## EXERCISE
The lines below, from the one holding "INGREDIENTI – Olio" through the one holding "The name of", are to be restated word for word, with all images left out.

## DATA SUPPLIED
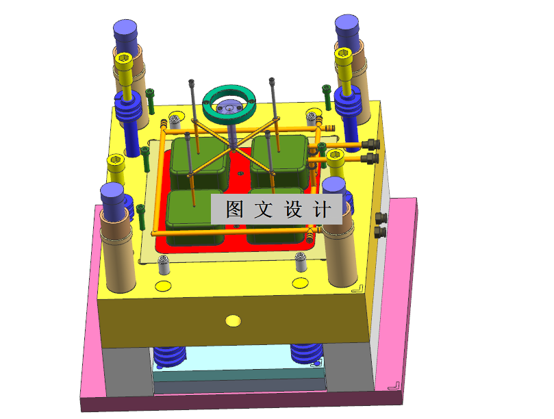 饭盒方形注塑模具设计采用一模四腔结构,三板模点浇口设计,实现高效生产。模具采用多次分型技术,确保塑料填充均匀,减少废料。推杆顶出机构使产品脱模顺畅,保证产品质量。整体设计合理,制造精度高,适用于大规模自动化生产,满足饭盒等塑料制品的高效率、高精度生产需求。
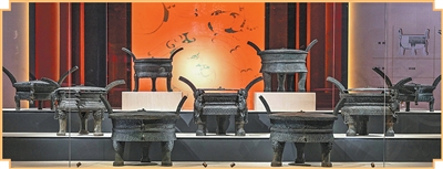 考古成果展上展出的青铜升鼎。
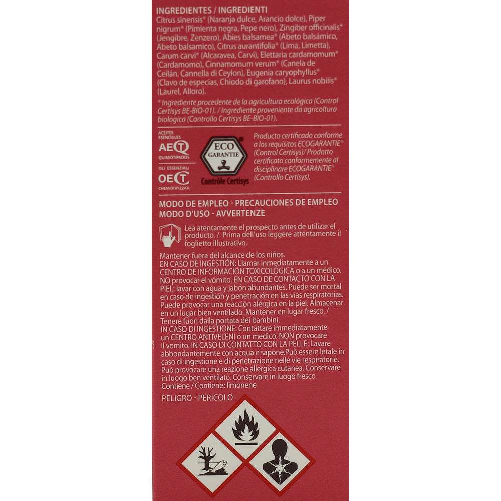 INGREDIENTI – Olio essenziale di: Citrus sinensis* (Arancio dolce), Piper nigrum* (Pepe nero), Zingiber of_ cinalis* (Zenzero), Abies balsamea* (Abeto balsamico),
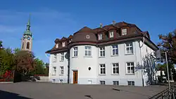 The name of the municipality stems from the Augustinian monastery Crucelin, later Kreuzlingen Abbey.[2] It was founded in 1125 by the Bishop of Constance Ulrich I. In the Swabian War and the 30 Years' War after the siege of Constance by Swedish troops, the Augustinian monastery was burned down by the people of Constance, who blamed the monks for having supported the enemy. In 1650, the monastery was rebuilt in its present location. With secularization in 1848, the buildings became a teachers' school. The chapel became a Catholic church.
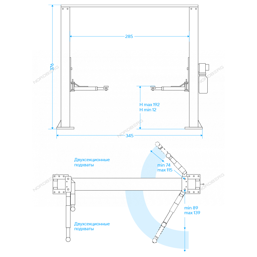 NORDBERG N4121H-4T_380 — электрогидравлический двухстоечный подъёмник с верхней синхронизацией, грузоподъёмностью 4 тонны, 380 В.
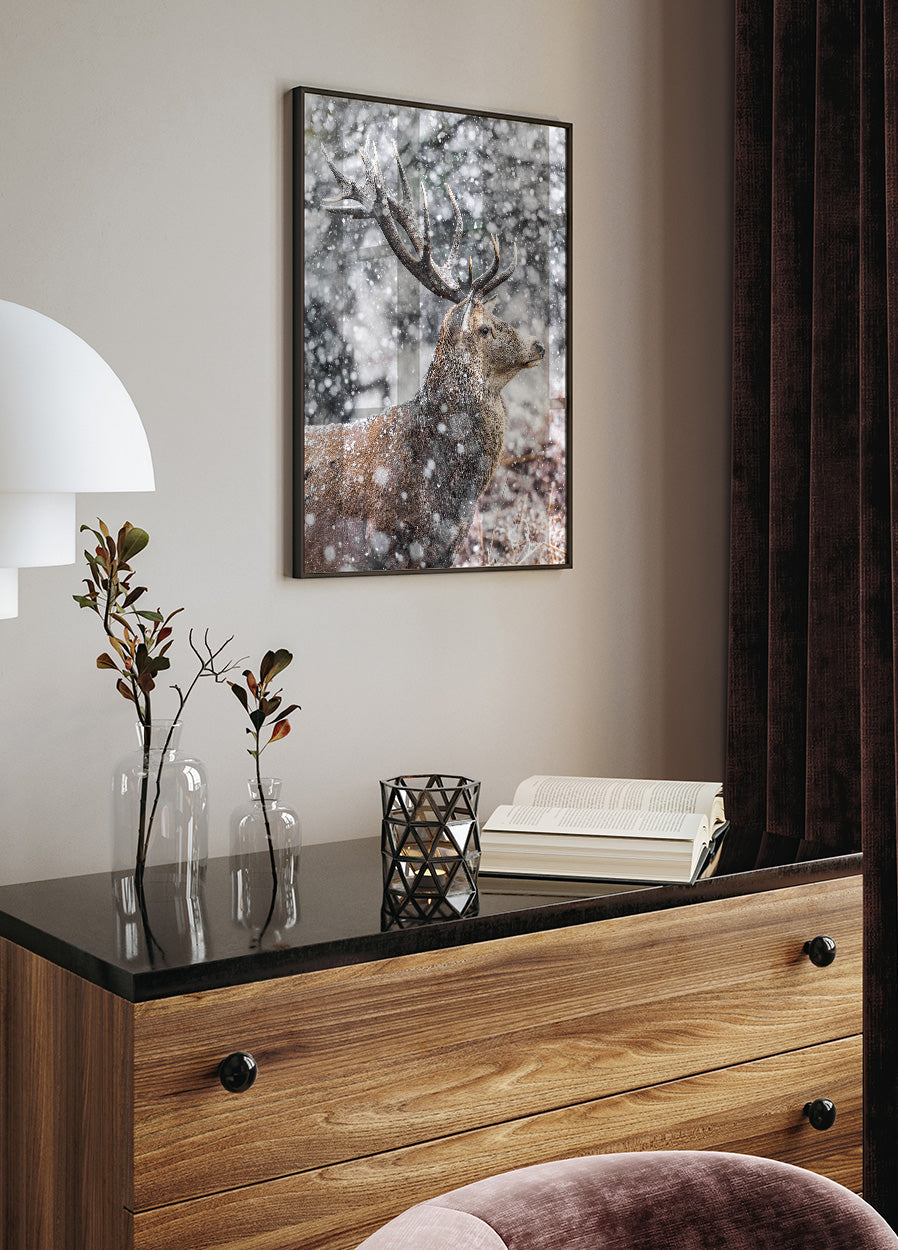 Poster Rothirsch bei Schneefall
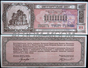 → Беларусь 10 000 рублей 1994 год. Благотворительный билет Белорусской православной церкви. XF-UNC
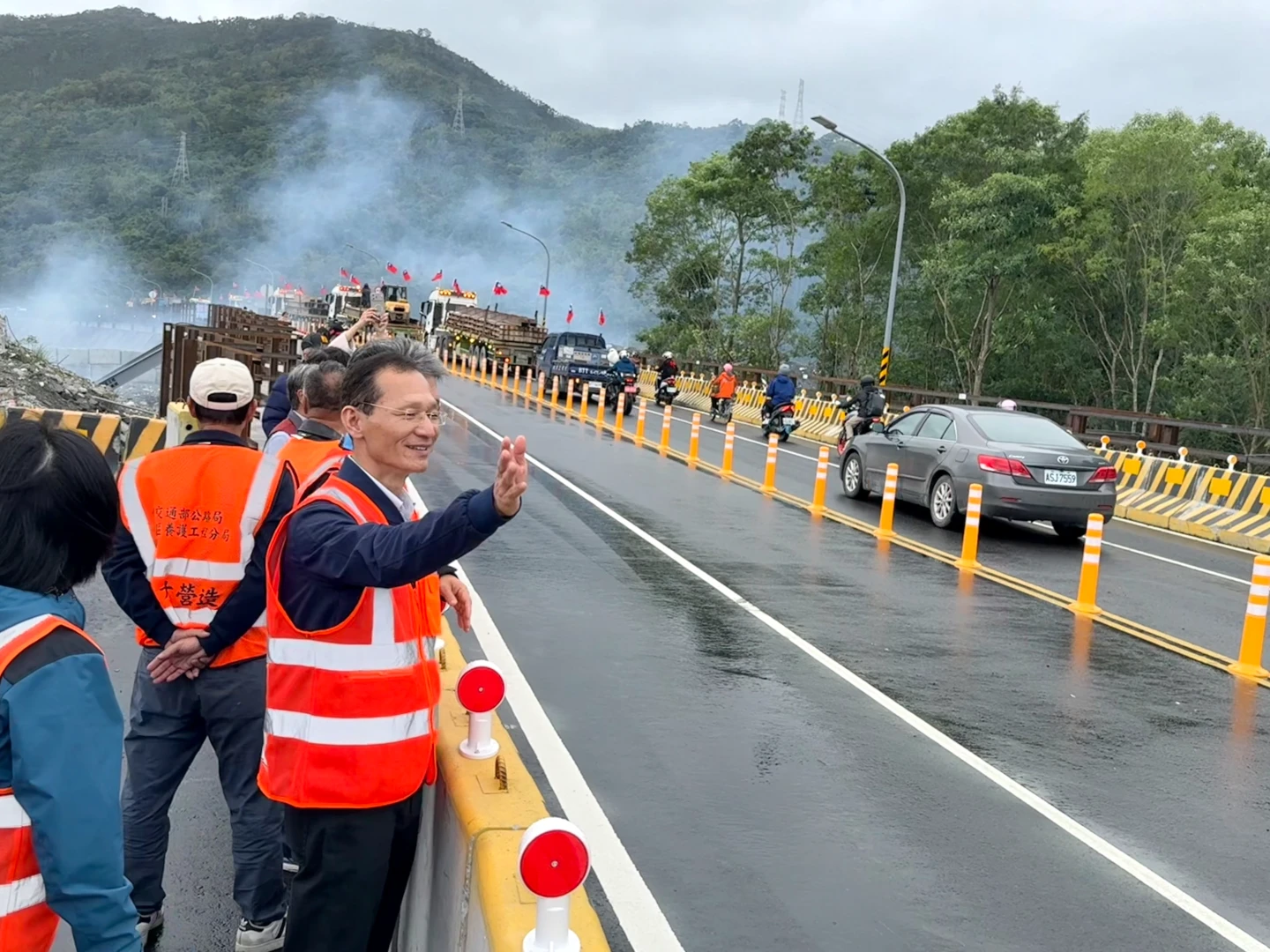 公路局局長林福山今(1/1)親自到場慰勉所屬東分局同仁及廠商,並視察鋼便橋通車前的交通安全檢查。上午10時鋼便橋準時通車,在場鄉親及用路人皆給予施工團隊高度肯定及鼓勵。
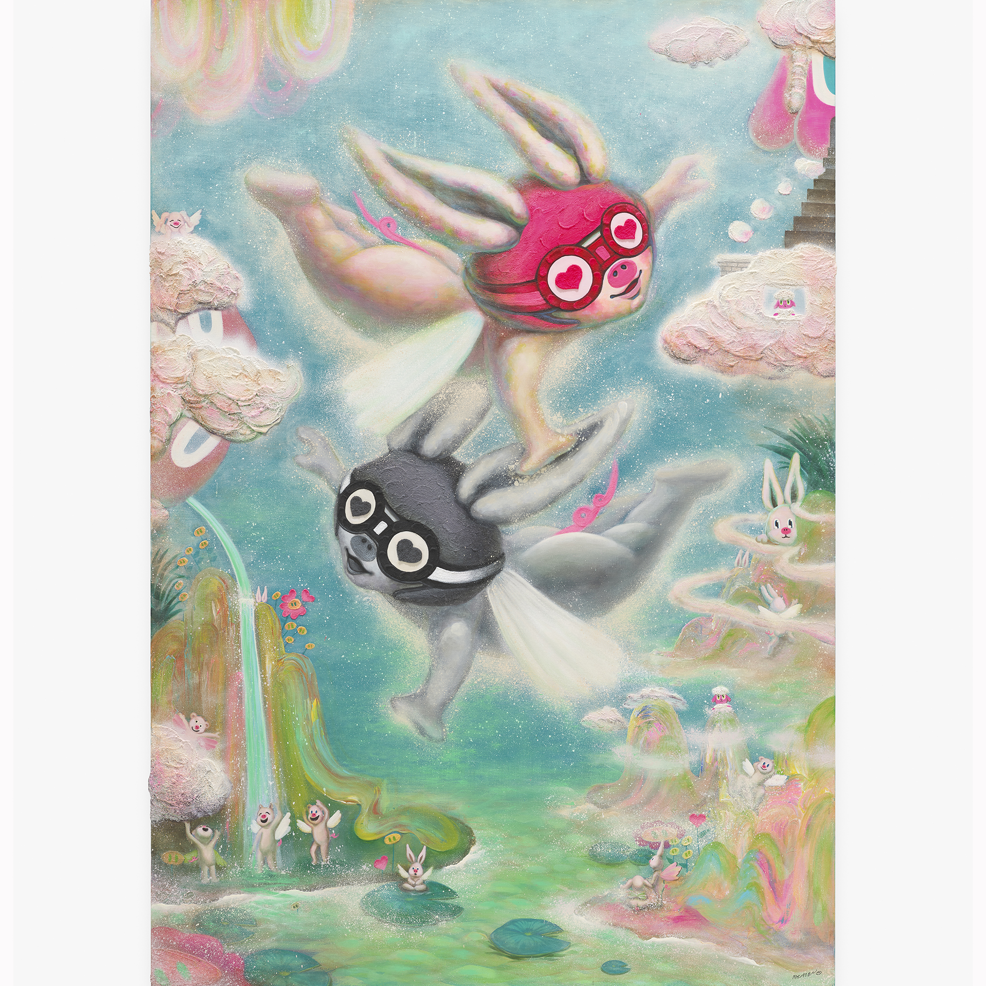 2. 네버랜드를 통과하는 감각과 치유의 미학 미미가 네버랜드 신드롬을 끌어오는 방식은 흔한 판타지적 도피와 다르다. 어린 시절 동물농장에서 보냈던 시간, 타인의 시선을 크게 의식하지 않고 존재할 수 있었던 밝은 감각은 작가에게 하나의 원형으로 남아 있다. 그러나 미미는 그 시절을 단순히 그리워하는 데 머물지 않는다. 네버랜드는 현실을 모르는 척하는 장소가 아니라, 상처 입은 자아가 다시 호흡을 회복하기 위해 잠시 머무는 심리적 공간으로 작동한다. 중요한 것은 돌아가지 않겠다는 결심이 아니라, 머물러 있지 않겠다는 다짐이다. 그래서 미미의 네버랜드는 회귀의 신화가 아니라 통과의 기술이며, 치유를 위한 쉼과 현실을 향한 복귀가 동시에 놓인 장소다. 이 세계를 가장 압축적으로 보여주는 장치가 하트 고글이다. 하트 고글은 현실을 가리는 필터가 아니라 현실을 다른 각도에서 비추는 렌즈에 가깝다. 지친 존재를 잠시 구름 위에 눕혀 쉬게 하고, 무표정한 하루를 무지개빛 장면으로 바꾸는 상상은 현실의 부정이 아니라 현실의 재배치다. 미미는 이 장치를 통해 피로한 일상에 작은 틈을 내고, 그 틈에서 다시 숨을 쉬게 한다. 동시에 하트 고글은 질문의 장치이기도 하다. 왜 우리는 이런 필터를 필요로 하는가, 그리고 그 필터는 언제까지 필요한가. 바로 이 질문 덕분에 PIGME의 환상은 유치한 판타지로 떨어지지 않고, 위안과 비판을 동시에 작동시키는 시각적 언어가 된다. ◆ 메를로 퐁티의 언어를 빌어 미미를 해석해보자. “몸은 세계를 갖는 일반적 매개이다.(The body is our general medium for having a world.)”라는 발언은 미미 회화의 물성을 이해하는 데 꼭 필요한 문장이다. 미미의 달콤한 마띠에르는 단지 예쁜 표면이 아니다. 조소를 오래 해온 작가에게 점성과 두께, 부피와 질감은 오래된 감각의 기억이다. 여기에 아이스크림, 케이크 크림, 젤리 같은 폭신하고 말랑한 촉감의 기억이 더해지며, 화면은 작은 행복의 촉각을 품게 된다. 반복적으로 올리고 말리고 다시 덧입히는 레이어는 감정을 덮어버리는 행위가 아니라 감정이 가라앉고 층이 되는 시간이다. 관객은 이 두꺼운 표면을 눈으로 보면서 동시에 몸으로 상상하게 된다. 말랑한 감촉, 녹아내릴 듯한 밀도, 손끝에 닿을 듯한 표면은 정서를 시각에서 촉각으로 옮긴다. 치유가 단지 의미의 차원이 아니라 감각의 조건이 될 수 있다는 사실이 미미의 화면에서 설득력을 얻는 이유다. 이 감각의 세계는 상징의 세계로도 이어진다. 미미에게 행운과 복은 장식적 요소가 아니라 결핍을 다시 조합하는 믿음의 구조다. 돼지코와 토끼귀는 부족함과 위축의 표지이면서, 동시에 다른 결핍과 결합할 때 새로운 상징이 될 수 있는 가능성의 언어다. 해묘미의 상징이 여기에 더해지면 PIGME는 단순한 혼성 캐릭터를 넘어, 부족함이 오히려 좋은 기운의 구조로 변환될 수 있다는 믿음의 체계가 된다. 그래서 이 세계에서 귀여움은 소비의 표면이 아니라 공존의 프로토콜이 된다. 약함을 감추지 않고, 서로의 약함을 통해 다시 힘을 만드는 구조. 미미의 치유는 바로 이런 관계의 윤리 안에서 더 깊어지고 넓어진다.

## THE ANSWER
 INGREDIENTI – Olio essenziale di: Citrus sinensis* (Arancio dolce), Piper nigrum* (Pepe nero), Zingiber of_ cinalis* (Zenzero), Abies balsamea* (Abeto balsamico),
 The name of the municipality stems from the Augustinian monastery Crucelin, later Kreuzlingen Abbey.[2] It was founded in 1125 by the Bishop of Constance Ulrich I. In the Swabian War and the 30 Years' War after the siege of Constance by Swedish troops, the Augustinian monastery was burned down by the people of Constance, who blamed the monks for having supported the enemy. In 1650, the monastery was rebuilt in its present location. With secularization in 1848, the buildings became a teachers' school. The chapel became a Catholic church.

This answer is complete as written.